--- Aim of the exercise ---
From the first line of the records below through the line with "Beautiful Design and", output each line exactly; skip the pictures.

--- Material for this task ---
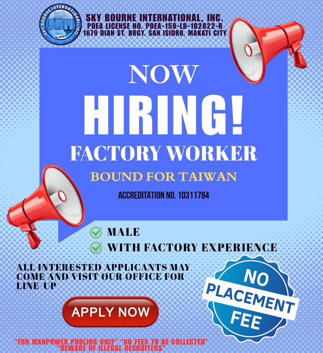 Sky Bourne International Inc. (POEA License No. POEA-158-LB-102822-R) is urgently hiring Male Factory Workers for employment in Taiwan!
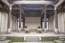 前廳是整幢房子中最精華的部分,大門后面聳立著一幅威儀的中門,在中門“!弊值纳戏剑傆幸环镜瘛鞍僮郁[元宵”圖,圖上雕刻著100個(gè)小男孩過(guò)元宵鬧花燈時(shí)的情景,這正是古代“多子多!眰鹘y(tǒng)觀念的生動(dòng)寫照,“百子鬧元宵”圖兩邊的“商”字斗拱上則分別雕有四出《三國(guó)演義》的戲文,斗拱的上方雕有“南、北”財(cái)神,“南、北”財(cái)神的上方是閣樓護(hù)板,在此,汪定貴設(shè)計(jì)了“漁、樵、耕、讀”四根木雕立柱,分別代表了古代的四種職業(yè)。
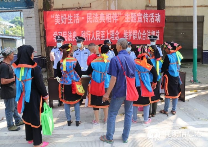 金水河边境派出所利用赶集日,在广场、集市、农贸市场等地通过悬挂宣传主题标语、派发宣传资料、小喇叭播放民法典知识等形式,结合群众生活所需多方位宣讲民法典内容。同时,充分考虑辖区苗族、傣族、哈尼族、瑶族等少数民族居多的实际,组织精通民族语言的民辅警深入街头着重宣讲婚姻、继承、夫妻财产关系等与民众生活息息相关的热点话题,采取以案释法的方式深入浅出地讲解,获得了群众的一致好评。
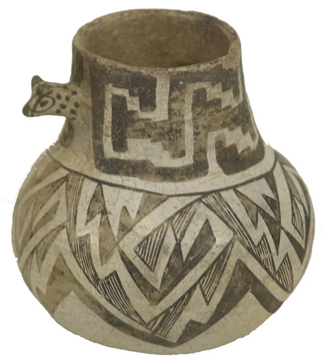 Prehistoric, Rare, small, black-on-white Tularosa dog head effigy pitcher with fineline designs; professionally restored. 6-1/2" x 6"
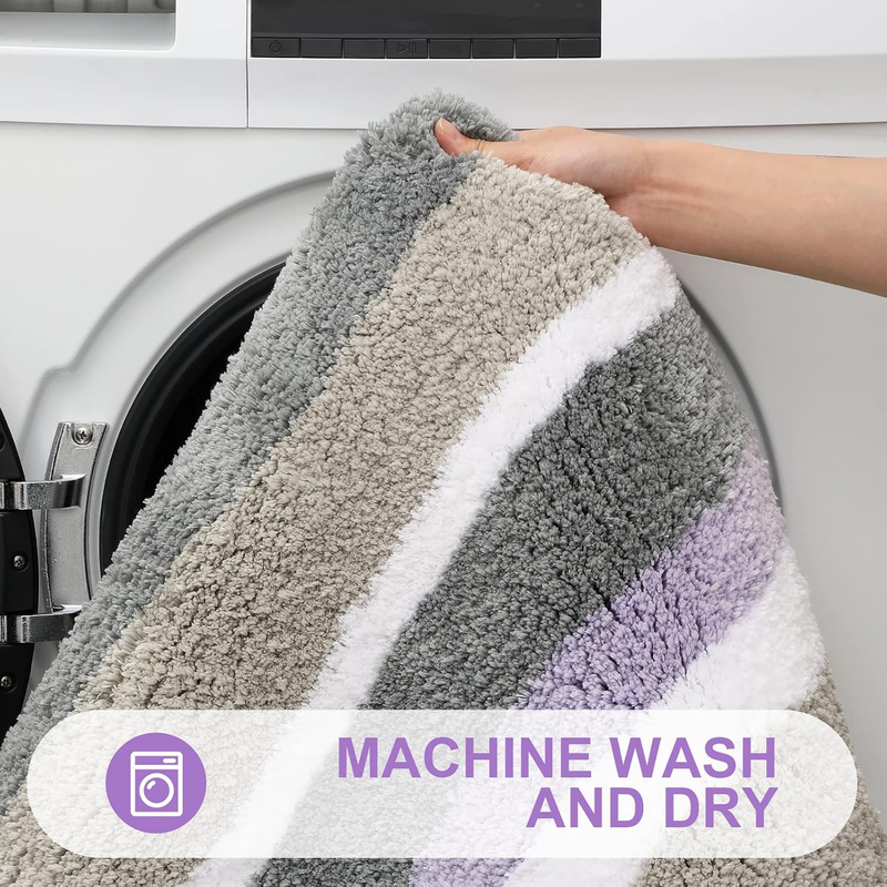 Beautiful Design and Multi-Purpose Use: Buganda bathroom floor mats are designed with classic striped shapes. The harmonious combination of gray and purple, and green makes the product look more vivid. It?s more than decor, it?s a lifestyle. It can be widely used in the bathroom, bedroom, living room, laundry room, and around the bathtub and sink.
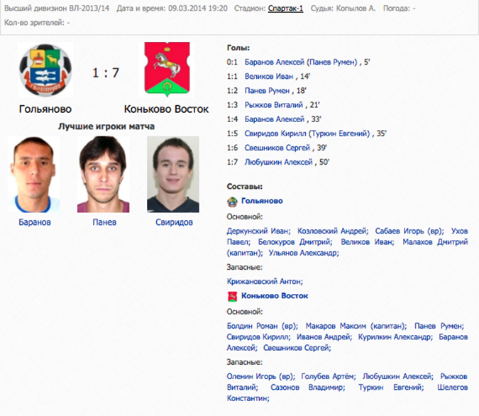 Вторая половина матча прошла под полным контролем «Профита». Хотя кто знает, как бы все обернулось, забей полузащитник «Гольяново» Ульянов в пустые ворота при счете 3:2. Но не забил, и вышло так, как вышло. Третий мяч в ворота «Гольяново» за авторством Гусенкова стал отправной точкой для подопечных Степанова. В последние десять минут все тот же Гусенков, дважды Пажитнов и Ершов довели счет до разгромного. Все, на что сподобилось «Гольяново», – третий гол, забитый Великовым в самой концовке игры.
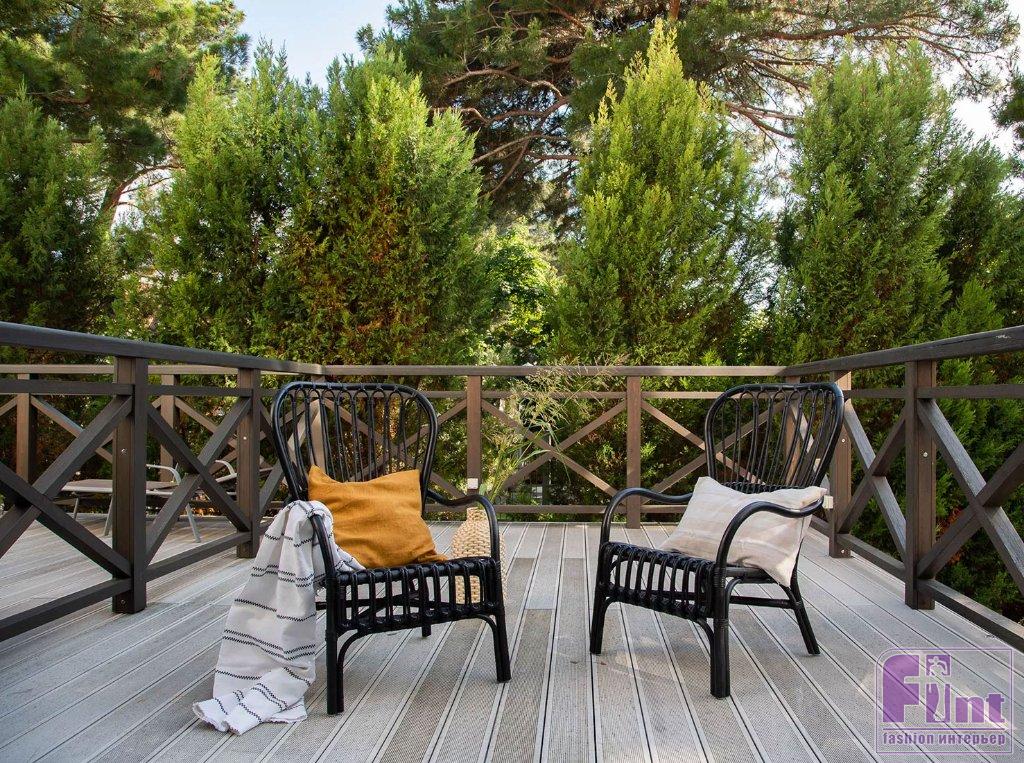 Стены и потолок гостиной выкрашены в чистый белый цвет, но с тёплым цветом пола они приобрели более интересный и сложный оттенок. Спальню перекрасили в серый тон, который создает обволакивающую атмосферу уюта и покоя. Мебель подбирали практичную с учетом сдачи в аренду — диваны раскладываются, стулья можно вынести на террасу, поскольку они защищены от атмосферных и температурных воздействий. На кухне отказались от верхних шкафов и духовки, так как на отдыхе не предполагается активное приготовление пищи в домашних условиях.
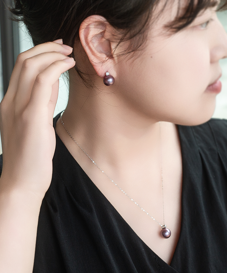 之前公司有位同事,她一直想尝试珍珠,就担心老气。我推荐她试戴了星空紫系列,佩戴后不仅没有显老,反而更加灵动可爱,好看极了。
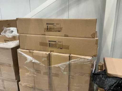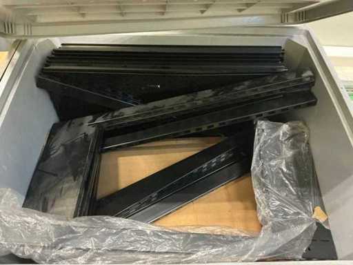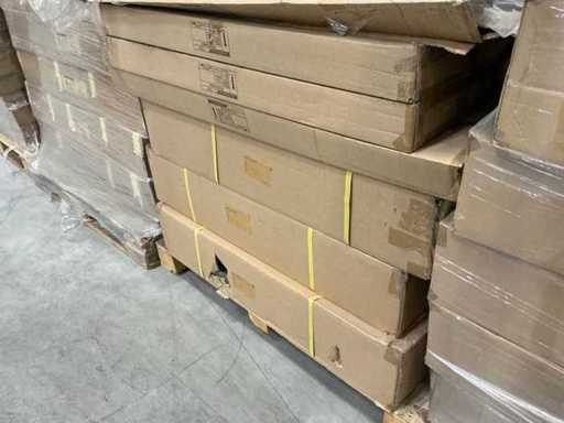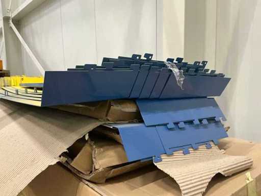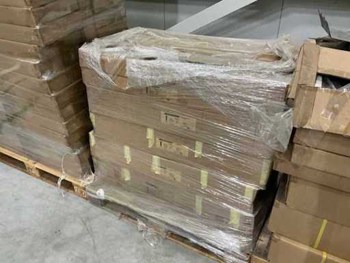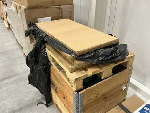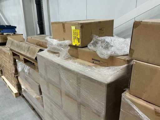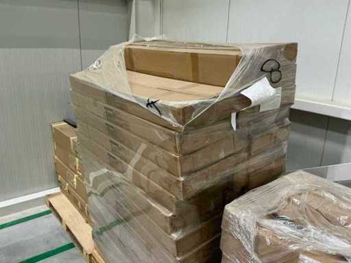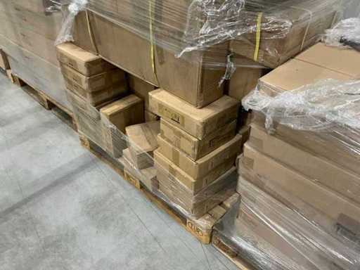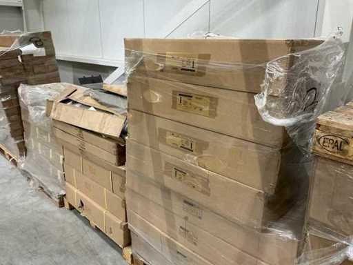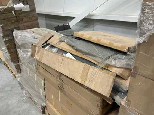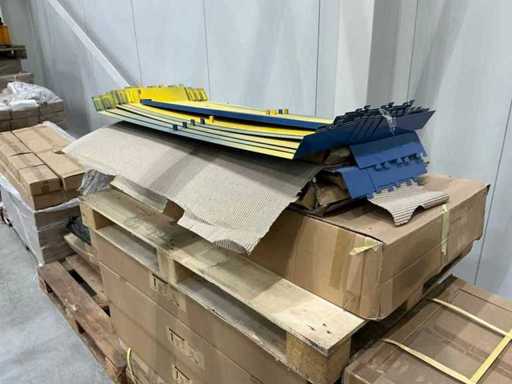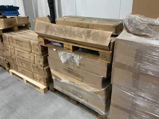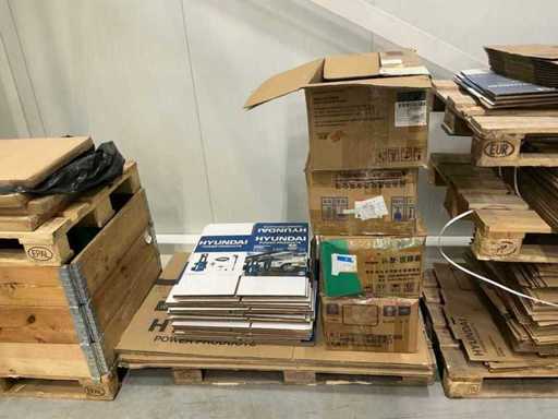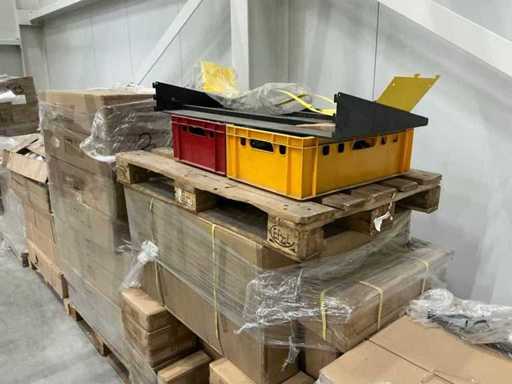 Batch of various promotional rack parts, walls, signs, packaging material, Kruizinga pallet boxes, etc. Everything on about 29 pallets
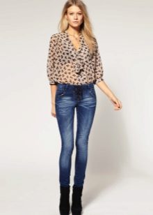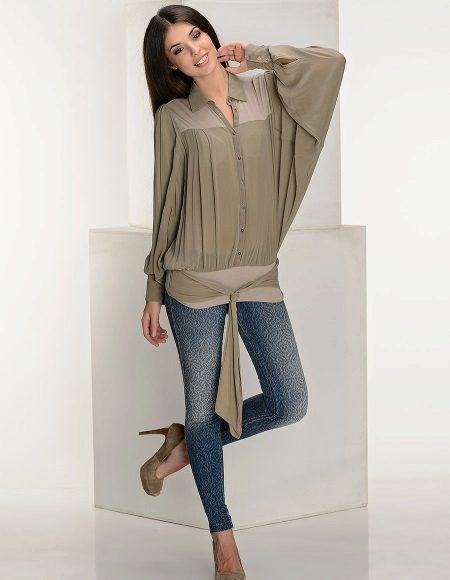 High-waisted styling jeggings look great with short tops or blouses. If the figure does not have ideal proportions, then short tops can be replaced with elongated jumpers, loose tunics or sweaters.
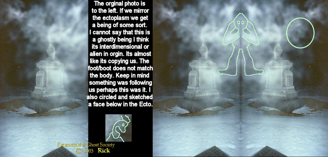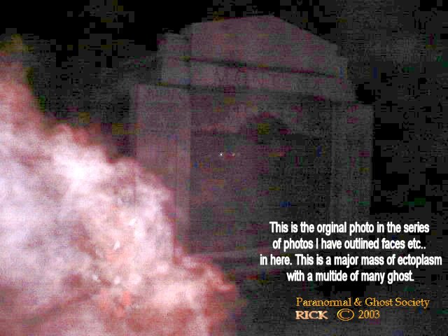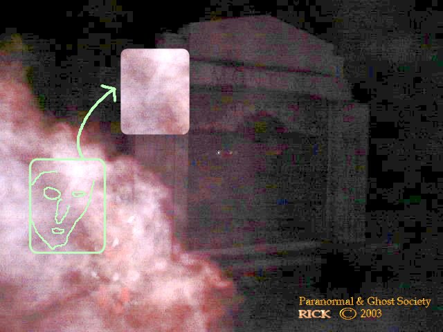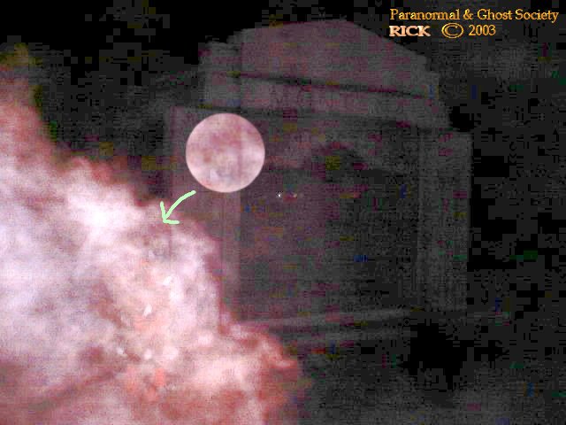 disappear nothing was found but all 3 of us did see it. It seemed to be tall so we know it was not some piece of garbage rolling on the ground. I did take lots of digitals in this cemetery but only a couple came out 2 of those I will say are pretty interesting ectoplasm photos one seems to be half of a mans face I captured there. I did notice lots of fresh burials so that might explain the curious shadow following off in the distance perhaps its a lost soul they have no idea they are passed away and they are just curious as to who we are

--- Solution to this problem ---
 Sky Bourne International Inc. (POEA License No. POEA-158-LB-102822-R) is urgently hiring Male Factory Workers for employment in Taiwan!
 前廳是整幢房子中最精華的部分,大門后面聳立著一幅威儀的中門,在中門“!弊值纳戏剑傆幸环镜瘛鞍僮郁[元宵”圖,圖上雕刻著100個(gè)小男孩過(guò)元宵鬧花燈時(shí)的情景,這正是古代“多子多!眰鹘y(tǒng)觀念的生動(dòng)寫照,“百子鬧元宵”圖兩邊的“商”字斗拱上則分別雕有四出《三國(guó)演義》的戲文,斗拱的上方雕有“南、北”財(cái)神,“南、北”財(cái)神的上方是閣樓護(hù)板,在此,汪定貴設(shè)計(jì)了“漁、樵、耕、讀”四根木雕立柱,分別代表了古代的四種職業(yè)。
 金水河边境派出所利用赶集日,在广场、集市、农贸市场等地通过悬挂宣传主题标语、派发宣传资料、小喇叭播放民法典知识等形式,结合群众生活所需多方位宣讲民法典内容。同时,充分考虑辖区苗族、傣族、哈尼族、瑶族等少数民族居多的实际,组织精通民族语言的民辅警深入街头着重宣讲婚姻、继承、夫妻财产关系等与民众生活息息相关的热点话题,采取以案释法的方式深入浅出地讲解,获得了群众的一致好评。
 Prehistoric, Rare, small, black-on-white Tularosa dog head effigy pitcher with fineline designs; professionally restored. 6-1/2" x 6"
 Beautiful Design and Multi-Purpose Use: Buganda bathroom floor mats are designed with classic striped shapes. The harmonious combination of gray and purple, and green makes the product look more vivid. It?s more than decor, it?s a lifestyle. It can be widely used in the bathroom, bedroom, living room, laundry room, and around the bathtub and sink.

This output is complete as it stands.